DATA SUPPLIED:
* * * *
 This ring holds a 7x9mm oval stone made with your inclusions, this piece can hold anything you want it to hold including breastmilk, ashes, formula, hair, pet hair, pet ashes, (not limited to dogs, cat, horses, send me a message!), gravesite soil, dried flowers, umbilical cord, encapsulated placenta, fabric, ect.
* * * *
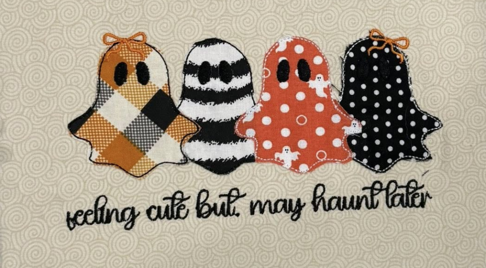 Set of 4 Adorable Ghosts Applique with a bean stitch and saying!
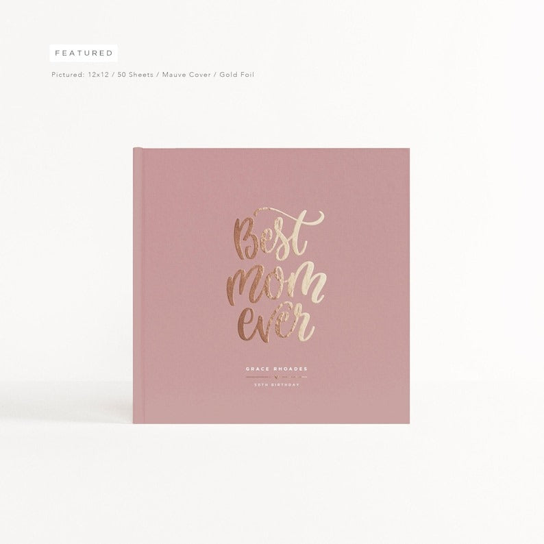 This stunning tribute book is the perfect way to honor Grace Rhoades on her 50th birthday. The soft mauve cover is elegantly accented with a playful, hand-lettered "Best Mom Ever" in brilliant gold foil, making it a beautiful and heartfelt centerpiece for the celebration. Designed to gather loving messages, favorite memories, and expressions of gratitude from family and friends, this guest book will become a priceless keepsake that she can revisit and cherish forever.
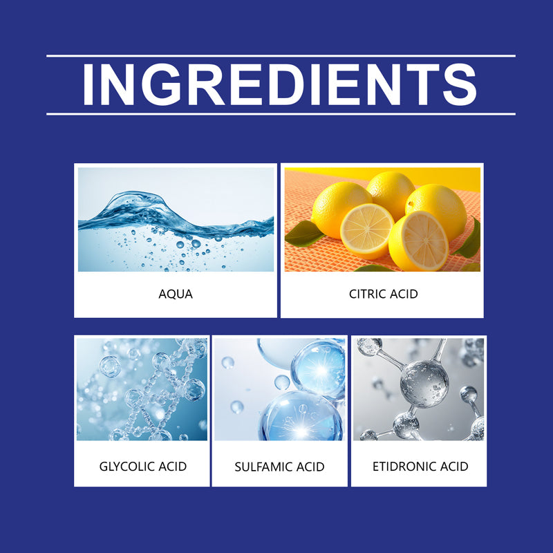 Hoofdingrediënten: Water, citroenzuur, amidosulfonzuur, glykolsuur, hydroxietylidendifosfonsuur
* * * *
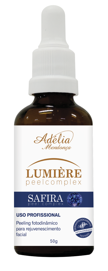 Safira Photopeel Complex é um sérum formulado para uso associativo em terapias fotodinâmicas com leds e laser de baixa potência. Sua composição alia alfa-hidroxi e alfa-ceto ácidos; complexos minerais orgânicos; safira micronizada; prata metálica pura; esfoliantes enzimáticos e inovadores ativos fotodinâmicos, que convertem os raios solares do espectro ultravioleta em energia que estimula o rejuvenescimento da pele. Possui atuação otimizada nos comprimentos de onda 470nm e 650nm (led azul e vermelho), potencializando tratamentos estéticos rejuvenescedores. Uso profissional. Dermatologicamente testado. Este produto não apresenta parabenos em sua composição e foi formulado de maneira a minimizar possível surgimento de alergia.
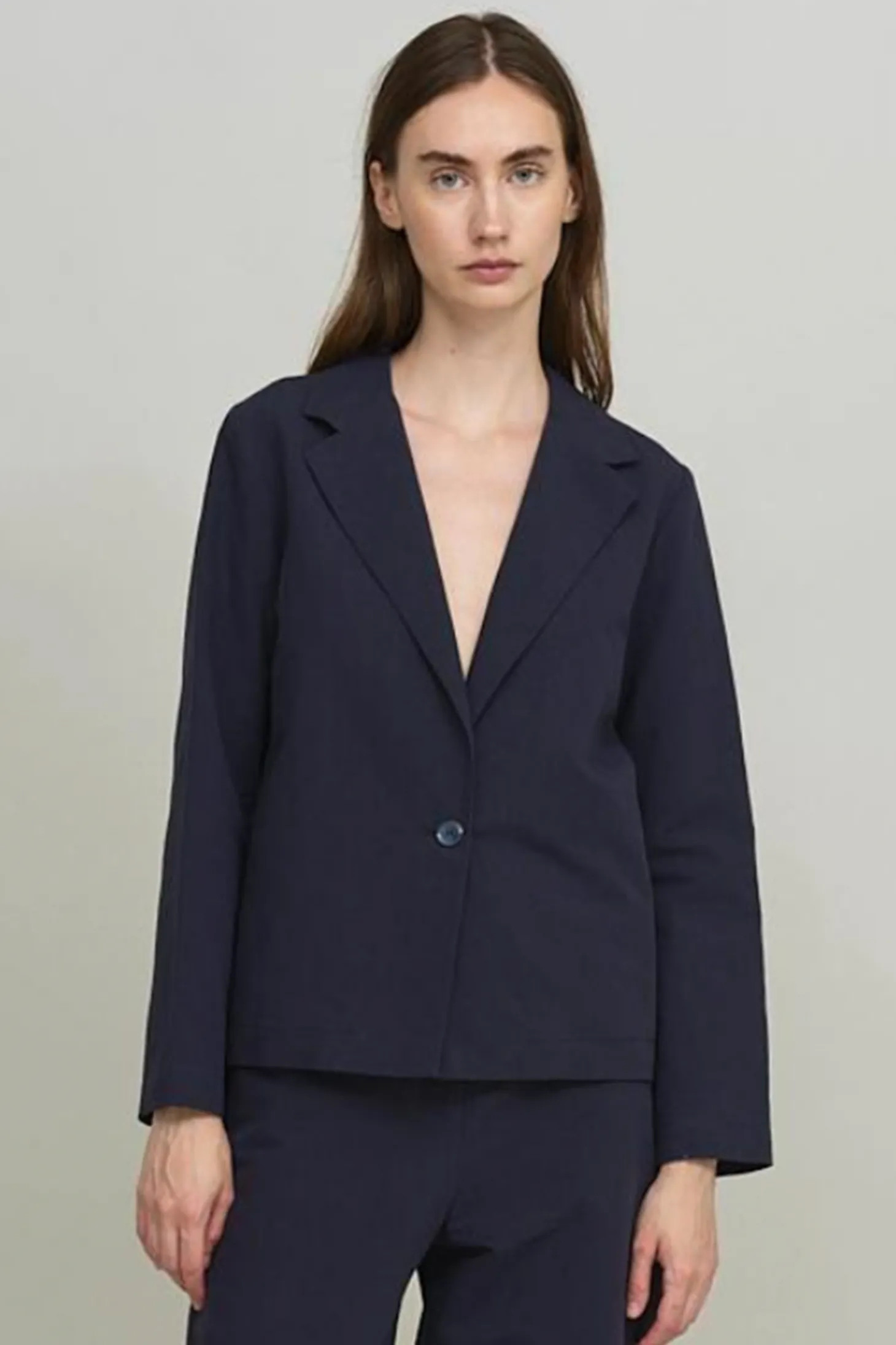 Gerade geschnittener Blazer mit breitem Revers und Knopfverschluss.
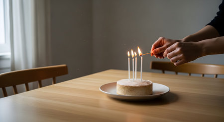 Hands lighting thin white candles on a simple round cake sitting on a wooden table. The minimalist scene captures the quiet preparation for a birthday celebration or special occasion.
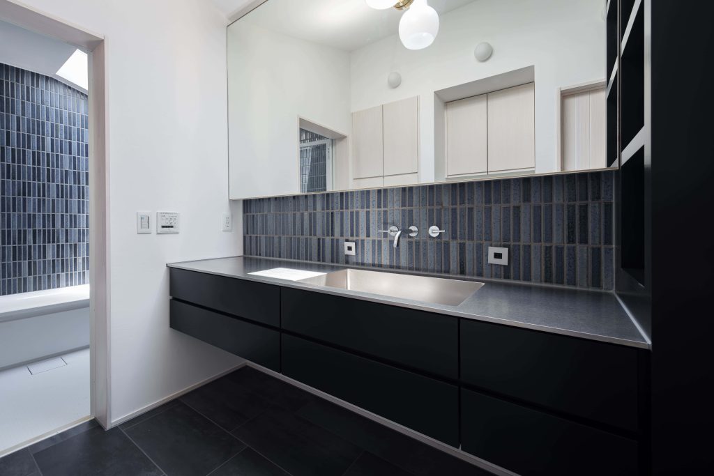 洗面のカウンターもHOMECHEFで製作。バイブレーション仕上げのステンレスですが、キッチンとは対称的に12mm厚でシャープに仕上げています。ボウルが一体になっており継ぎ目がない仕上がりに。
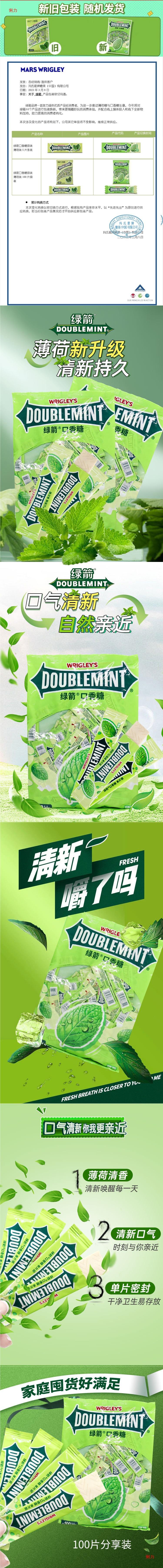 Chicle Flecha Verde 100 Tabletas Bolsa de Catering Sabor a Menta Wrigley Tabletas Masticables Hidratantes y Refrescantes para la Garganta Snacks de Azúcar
* * * *
Starting at the line above with "Gerade geschnittener Blazer", output every line exactly up to and including the line with "Chicle Flecha Verde", but none of the pictures.

OUTPUT BELOW:
 Gerade geschnittener Blazer mit breitem Revers und Knopfverschluss.
 Hands lighting thin white candles on a simple round cake sitting on a wooden table. The minimalist scene captures the quiet preparation for a birthday celebration or special occasion.
 洗面のカウンターもHOMECHEFで製作。バイブレーション仕上げのステンレスですが、キッチンとは対称的に12mm厚でシャープに仕上げています。ボウルが一体になっており継ぎ目がない仕上がりに。
 Chicle Flecha Verde 100 Tabletas Bolsa de Catering Sabor a Menta Wrigley Tabletas Masticables Hidratantes y Refrescantes para la Garganta Snacks de Azúcar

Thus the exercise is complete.